Reproduce the lines below exactly, from the one containing "Backstory: While browsing" through the one containing "在五(3)班教室里,班主任还", both included. Leave out any pictures.

Records for the exercise: Begin

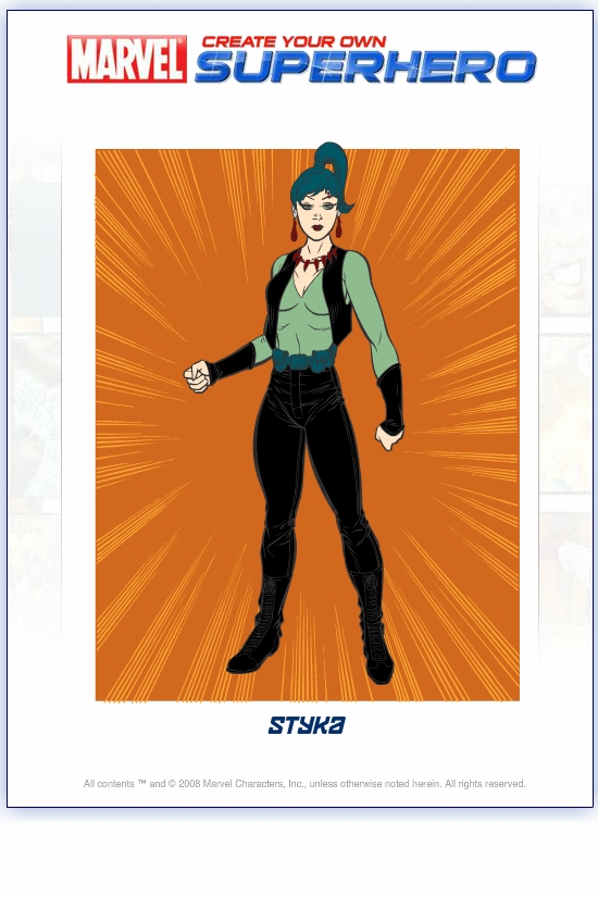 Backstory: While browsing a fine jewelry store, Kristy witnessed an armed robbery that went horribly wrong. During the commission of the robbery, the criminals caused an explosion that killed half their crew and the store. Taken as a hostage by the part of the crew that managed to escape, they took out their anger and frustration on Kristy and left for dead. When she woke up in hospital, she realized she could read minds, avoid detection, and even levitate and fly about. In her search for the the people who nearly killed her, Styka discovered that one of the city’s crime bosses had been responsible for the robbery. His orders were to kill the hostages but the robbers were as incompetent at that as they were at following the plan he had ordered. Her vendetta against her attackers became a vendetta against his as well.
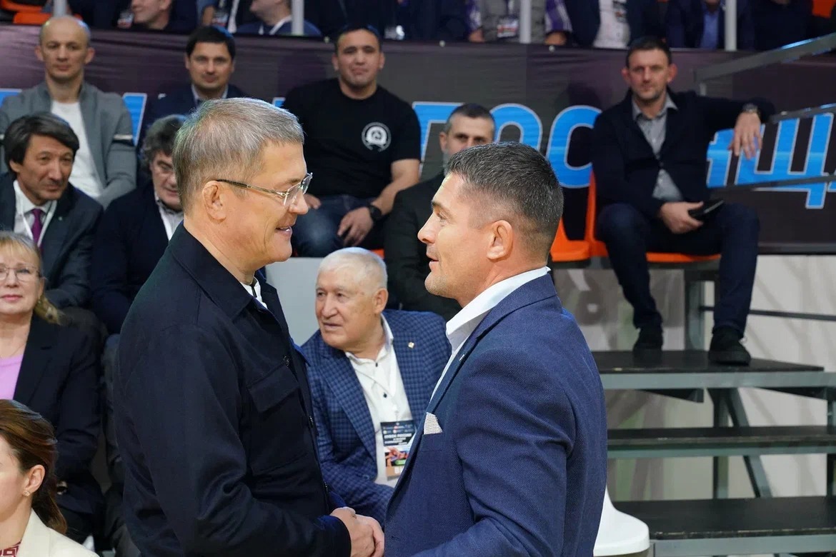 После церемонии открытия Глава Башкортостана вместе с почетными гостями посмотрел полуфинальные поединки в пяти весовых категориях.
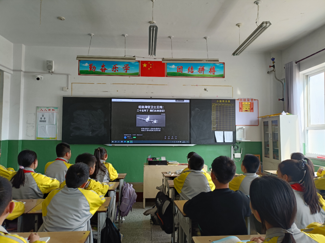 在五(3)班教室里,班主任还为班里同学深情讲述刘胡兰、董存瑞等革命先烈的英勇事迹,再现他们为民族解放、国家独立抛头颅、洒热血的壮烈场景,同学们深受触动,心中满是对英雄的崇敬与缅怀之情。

Records for the exercise: End
Records for the exercise: Begin

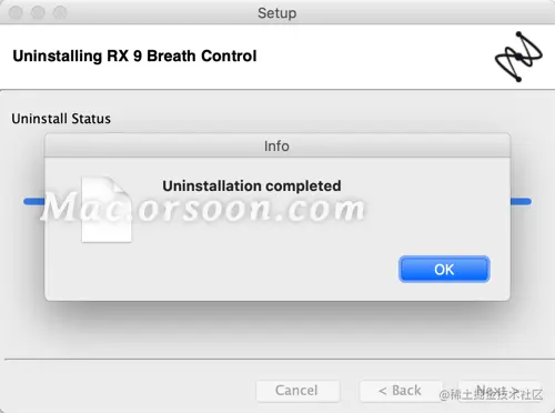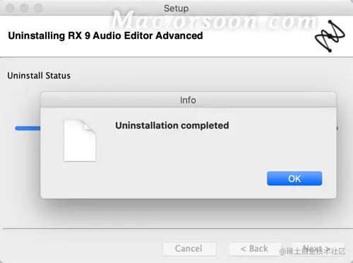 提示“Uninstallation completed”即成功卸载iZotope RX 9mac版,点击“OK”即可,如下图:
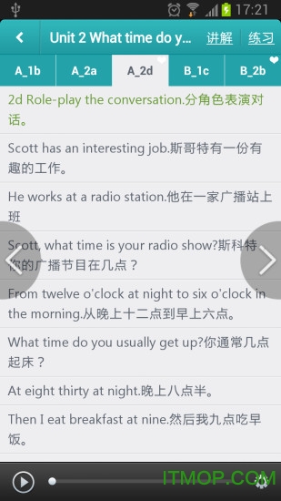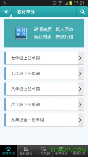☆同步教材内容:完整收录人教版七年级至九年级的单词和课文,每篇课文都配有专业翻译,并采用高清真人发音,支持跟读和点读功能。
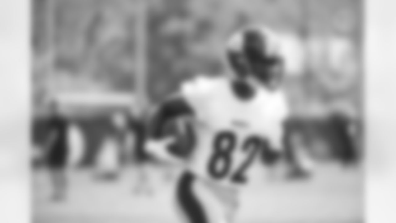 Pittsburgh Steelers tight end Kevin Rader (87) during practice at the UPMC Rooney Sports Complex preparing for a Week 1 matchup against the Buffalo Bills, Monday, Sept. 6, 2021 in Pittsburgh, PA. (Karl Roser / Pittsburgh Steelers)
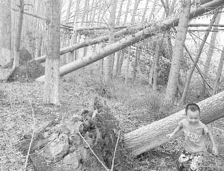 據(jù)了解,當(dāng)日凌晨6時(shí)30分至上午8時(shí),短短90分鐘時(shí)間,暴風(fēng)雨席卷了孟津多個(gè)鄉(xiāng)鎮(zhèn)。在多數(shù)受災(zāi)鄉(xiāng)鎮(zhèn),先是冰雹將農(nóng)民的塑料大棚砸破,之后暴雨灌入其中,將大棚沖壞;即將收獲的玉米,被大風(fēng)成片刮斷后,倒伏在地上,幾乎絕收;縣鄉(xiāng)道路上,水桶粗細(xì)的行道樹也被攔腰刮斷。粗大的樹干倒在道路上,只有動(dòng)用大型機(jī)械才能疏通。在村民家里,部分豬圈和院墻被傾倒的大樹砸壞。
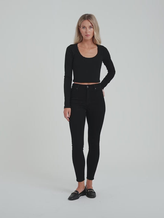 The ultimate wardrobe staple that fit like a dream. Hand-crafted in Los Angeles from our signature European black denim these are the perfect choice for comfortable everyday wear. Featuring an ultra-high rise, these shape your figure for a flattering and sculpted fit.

Records for the exercise: End
Records for the exercise: Begin

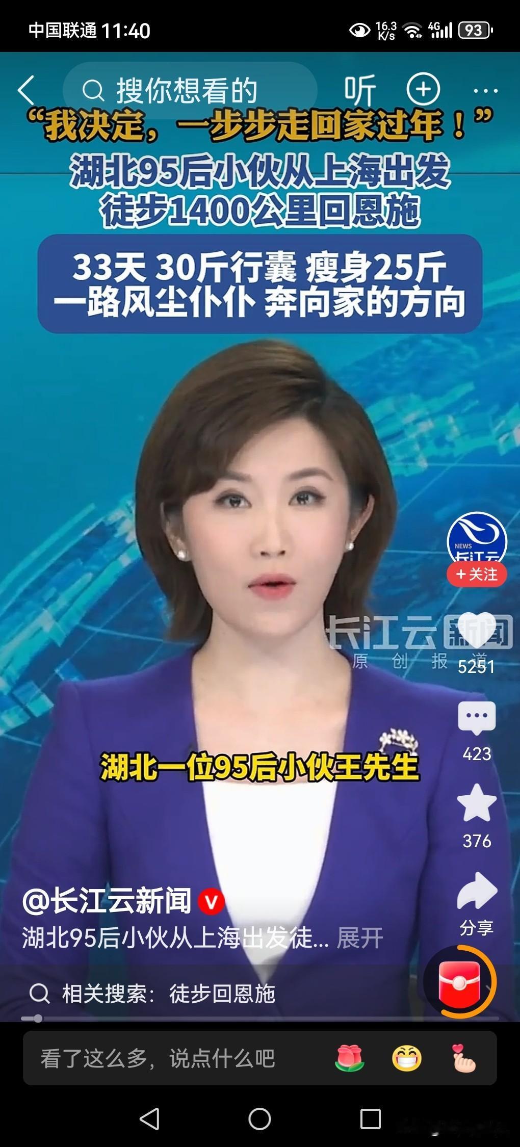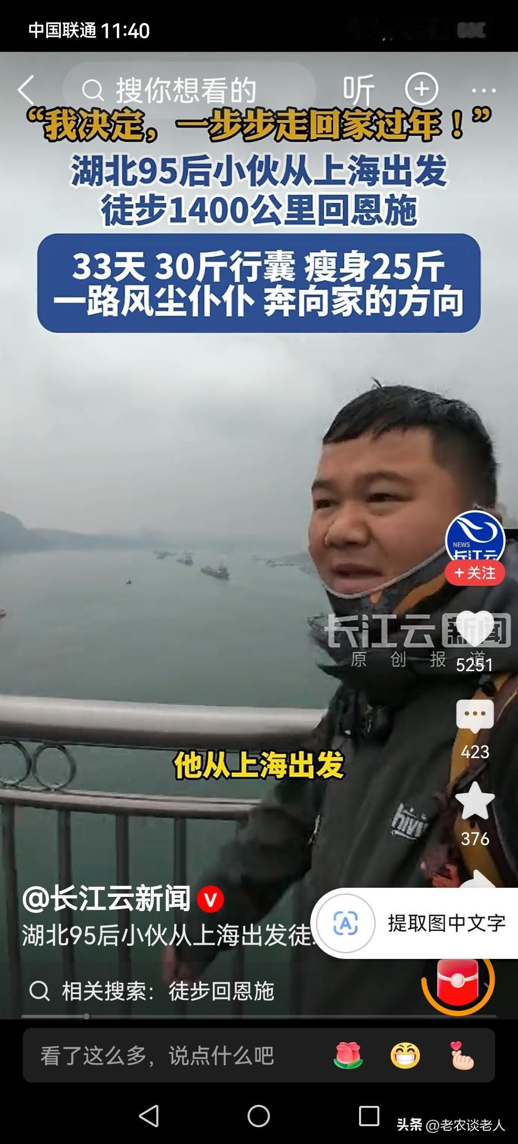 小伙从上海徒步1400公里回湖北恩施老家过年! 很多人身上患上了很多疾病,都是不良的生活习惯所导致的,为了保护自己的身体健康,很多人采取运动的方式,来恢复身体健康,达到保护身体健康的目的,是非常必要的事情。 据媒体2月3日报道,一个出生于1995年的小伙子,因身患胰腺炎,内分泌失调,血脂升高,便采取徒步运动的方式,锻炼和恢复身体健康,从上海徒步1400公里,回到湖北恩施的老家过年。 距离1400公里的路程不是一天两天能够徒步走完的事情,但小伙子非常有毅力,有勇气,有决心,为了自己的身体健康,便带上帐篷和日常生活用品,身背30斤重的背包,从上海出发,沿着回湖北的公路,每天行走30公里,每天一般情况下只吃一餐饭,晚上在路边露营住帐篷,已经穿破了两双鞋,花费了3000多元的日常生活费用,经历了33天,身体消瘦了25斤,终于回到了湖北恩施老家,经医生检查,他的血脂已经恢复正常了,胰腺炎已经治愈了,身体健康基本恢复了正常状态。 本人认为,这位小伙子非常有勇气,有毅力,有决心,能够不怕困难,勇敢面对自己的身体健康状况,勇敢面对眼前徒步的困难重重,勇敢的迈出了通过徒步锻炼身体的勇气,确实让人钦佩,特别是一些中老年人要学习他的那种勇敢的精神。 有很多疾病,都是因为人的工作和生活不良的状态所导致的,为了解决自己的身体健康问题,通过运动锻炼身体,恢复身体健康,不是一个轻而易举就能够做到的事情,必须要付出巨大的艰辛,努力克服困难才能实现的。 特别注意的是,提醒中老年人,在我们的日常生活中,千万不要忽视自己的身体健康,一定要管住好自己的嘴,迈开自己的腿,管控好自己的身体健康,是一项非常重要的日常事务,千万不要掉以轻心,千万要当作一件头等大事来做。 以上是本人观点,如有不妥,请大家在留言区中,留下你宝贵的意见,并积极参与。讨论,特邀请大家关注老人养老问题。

Records for the exercise: End

**Response**.
 Backstory: While browsing a fine jewelry store, Kristy witnessed an armed robbery that went horribly wrong. During the commission of the robbery, the criminals caused an explosion that killed half their crew and the store. Taken as a hostage by the part of the crew that managed to escape, they took out their anger and frustration on Kristy and left for dead. When she woke up in hospital, she realized she could read minds, avoid detection, and even levitate and fly about. In her search for the the people who nearly killed her, Styka discovered that one of the city’s crime bosses had been responsible for the robbery. His orders were to kill the hostages but the robbers were as incompetent at that as they were at following the plan he had ordered. Her vendetta against her attackers became a vendetta against his as well.
 После церемонии открытия Глава Башкортостана вместе с почетными гостями посмотрел полуфинальные поединки в пяти весовых категориях.
 在五(3)班教室里,班主任还为班里同学深情讲述刘胡兰、董存瑞等革命先烈的英勇事迹,再现他们为民族解放、国家独立抛头颅、洒热血的壮烈场景,同学们深受触动,心中满是对英雄的崇敬与缅怀之情。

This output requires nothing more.